If you are considering a CVA, there are several pros and cons to be aware of, and your decision should only be taken following careful consideration.
A Company Voluntary Arrangement (CVA) provides an alternative solution for businesses that experience cash flow problems or are insolvent.
The main advantage of this arrangement is that it allows an agreement to be established with creditors to avoid insolvency, while the downside is that trading may be suspended while the agreement is put in place.
To help you make an informed decision, this page will shine a light on all you need to know about CVA in the UK and its advantages and drawbacks.
Let’s get to it and dive into the ups and downs of a CVA.
A CVA carries many advantages, often outweighing the disadvantages of entering one.
While some companies treat them as a fixed period of extra “breathing room” ahead of decisions like a winding up petition or publicly announced insolvency, they can be a powerful way to salvage a nearly insolvent business and pay off creditors.
Here are the advantages of a CVA for a business facing financial difficulties:
When financial difficulties arise, it can be tough to think about shutting down a business that you have worked hard to establish and grow.
With a Company Voluntary Arrangement (CVA), the company can continue to operate and trade with the right guidance, approach, and help.
Directors with extensive knowledge about the company can retain business control throughout the CVA process, which can be a comforting factor.
Working with professional business guidance gives the company a good chance of stabilising and recovering.
After completing the CVA, any remaining unsecured debt can be written off, reducing the debts owed to a manageable level.
This can be a significant relief for directors struggling to repay their debts.
One of the benefits of a CVA is the absence of upfront costs.
Fees are deducted from the first instalment, followed by a percentage of the subsequent payments.
This means that directors can focus on the company’s recovery without the added burden of upfront costs.
CVA freezes the interest on the debts submitted to the arrangement, and the insolvency practitioner handles all creditor pressure.
This allows directors to focus on running the company without worrying about accumulating debts and creditor pressure.
Company directors retain control during the entire process unless they are replaced due to being personally liable for the business’ failure.
In most cases, a director stays in charge during the CVA period, finding ways to adapt their business to pay off creditors and trade their way out of the financial trouble they are in.
Since they already understand the company, they are often the best choice.
The cost of a CVA is much lower than many other insolvency service options.
Since the payments are mostly between existing directors and their creditors (such as creditors that offered onerous supply contracts), money moves through the debtor company, improving its cash flow and allowing it to focus on making money first and foremost.
Employees are also not fired, meaning no redundancy payments other than those made redundant due to restructuring.
Unlike many other insolvency procedures, a CVA proposal does not have to be publicly announced.
This means that customers are not informed of these legal actions, meaning they will remain customers instead of leaving as they otherwise might.
Once a CVA is agreed upon, no more legal action can be taken to pursue the business directly.
This means no bailiff visits, no winding up petition attempts, and no frozen bank accounts.
While the business can still terminate the employment of employees as needed, creditors cannot try to force the business to pay up.
For example, creditors that offer supply contracts cannot send bailiffs around to force the company to pay them before the expected date.
The CVA process includes a creditors’ meeting, where creditors vote on whether or not to hold the CVA.
If the creditors vote to accept, no creditors can take legal action against the company.
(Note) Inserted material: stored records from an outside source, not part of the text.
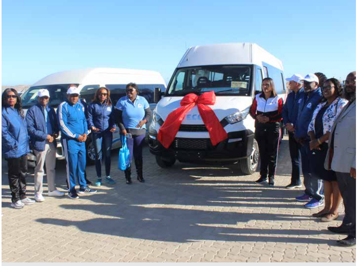
Representatives of various SOEs handover the vehicle to the school.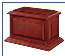
$311 Franklin Cherry Made of: Hardwood Supplied by: Options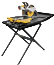
10" Wet Tile Saw with Stand D24000S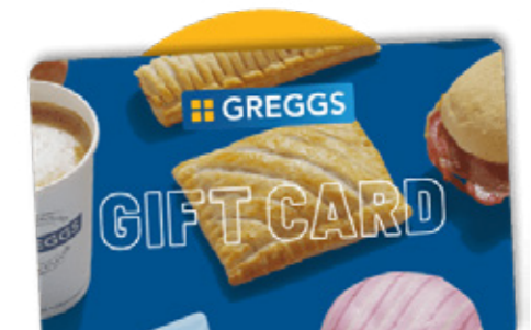
3rd Prize: A £100 Greggs voucher

On top of this, 1st prize will receive a period of paid promotion across social media for their business, as well as a case study and an exclusive listing on our installers map as contractor of the year.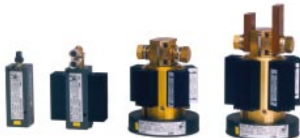
Optional shunts for Fluke Norma Series power analyzers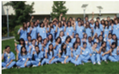
Camp CHLA Graduates

Outreach to local high school and college students, and foster youth to learn about careers in health is an important part of CHLA's commitment to enhance youth and build a future workforce reflective of our community. These programs include career day visits to local schools by our physicians, nurses and allied health providers, youth mentoring, volunteer work, job shadowing in hospital departments, internships for high school and college students in nursing, social work, health policy, science and research.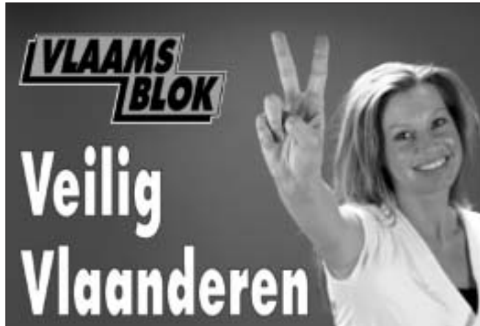
“Veilig Vlaanderen, Vrij Vlaanderen – A Safe Flanders, a Free Flanders” The election poster of the Vlaams Blok.

The political atmosphere in Belgium is undemocratic and intolerant. Of course, this hinders us, because the violent acts of our adversaries intimidate potential Vlaams Blok members and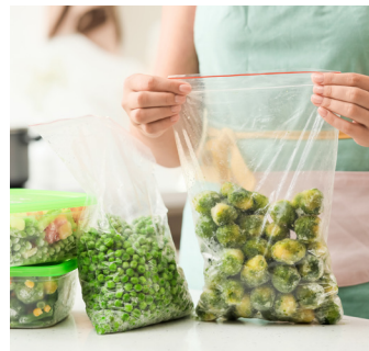
Steamer Bag Preset Easily Steams a Bag of Frozen Veggies up to 17oz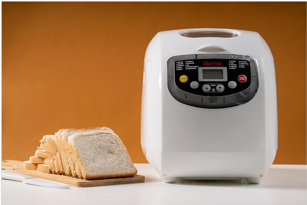
Image: A close-up of the electronic control panel, featuring the LCD screen, 'MENU', 'WEIGHT', 'COLOR SETTING', 'TIMER', and 'START/STOP' buttons, along with a list of programs.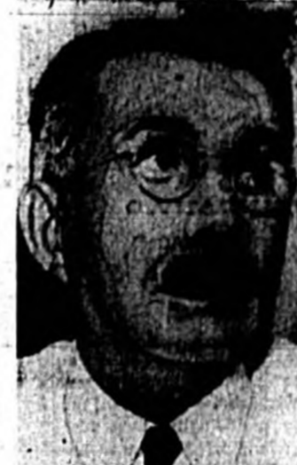
The life of Governor Joseph B. Poindexter of Hawaii was menaced by the Japanese air attack on Pearl Harbor, when a bomb landed near his official residence. Damage to the city was reported heavy.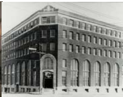
NAVY YMCA - 1924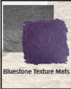
Bluestone Texture Mats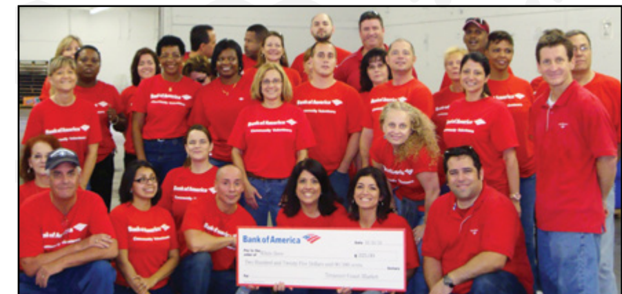
Bank of America present a check to the White Doves Holiday Project before volunteering at the warehouse.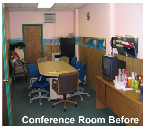
Conference Room Before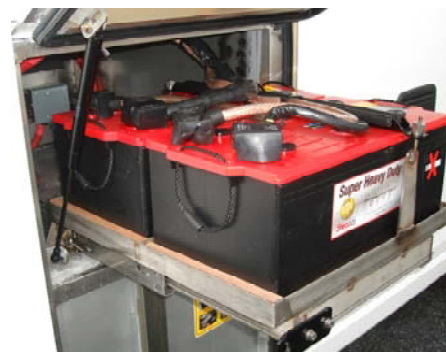
Batteries on slide tray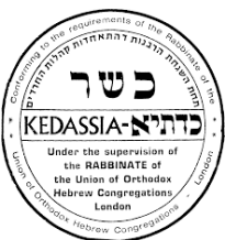
Kedassia of London, UK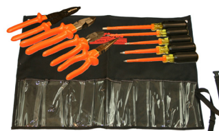
Optional Tool Kit (TR-9ELK)

Even if creditors are owed a large portion of the money, those creditors are not allowed to threaten the company into paying them back – even priority creditors cannot do this.
Note that no more than 50% of unconnected creditors can vote at the creditors’ meeting.
Creditors cannot investigate the director’s conduct (such as ignoring property lease obligations or not treating secured creditors well) or consider them personally liable. At the same time, they are focused on turning the company around.
While creditors can bring these facts up before or after the arrangement, creditors are expected to wait and see if the business can survive rather than causing unnecessary turmoil that may interfere with the CVA.
If a director’s account is overdrawn, payments can be made over time instead of in bulk.
This reduces pressure on directors, ensuring that they focus on paying back creditors rather than making personal guarantees they can never meet.
Any distractions like this could cause a director to make a mistake and accidentally push their company into the insolvency process.
When considering whether a company should enter a CVA UK, it is important to be aware of the potential drawbacks of the arrangement.
A CVA is not necessarily appropriate for all companies, so careful consideration needs to be taken before any steps are taken.
The Disadvantages of a CVA include the following:
The company’s credit rating can be negatively affected by entering into a Company Voluntary Arrangement (CVA).
This can make obtaining credit from new suppliers more challenging and make it harder to renegotiate terms on existing contracts.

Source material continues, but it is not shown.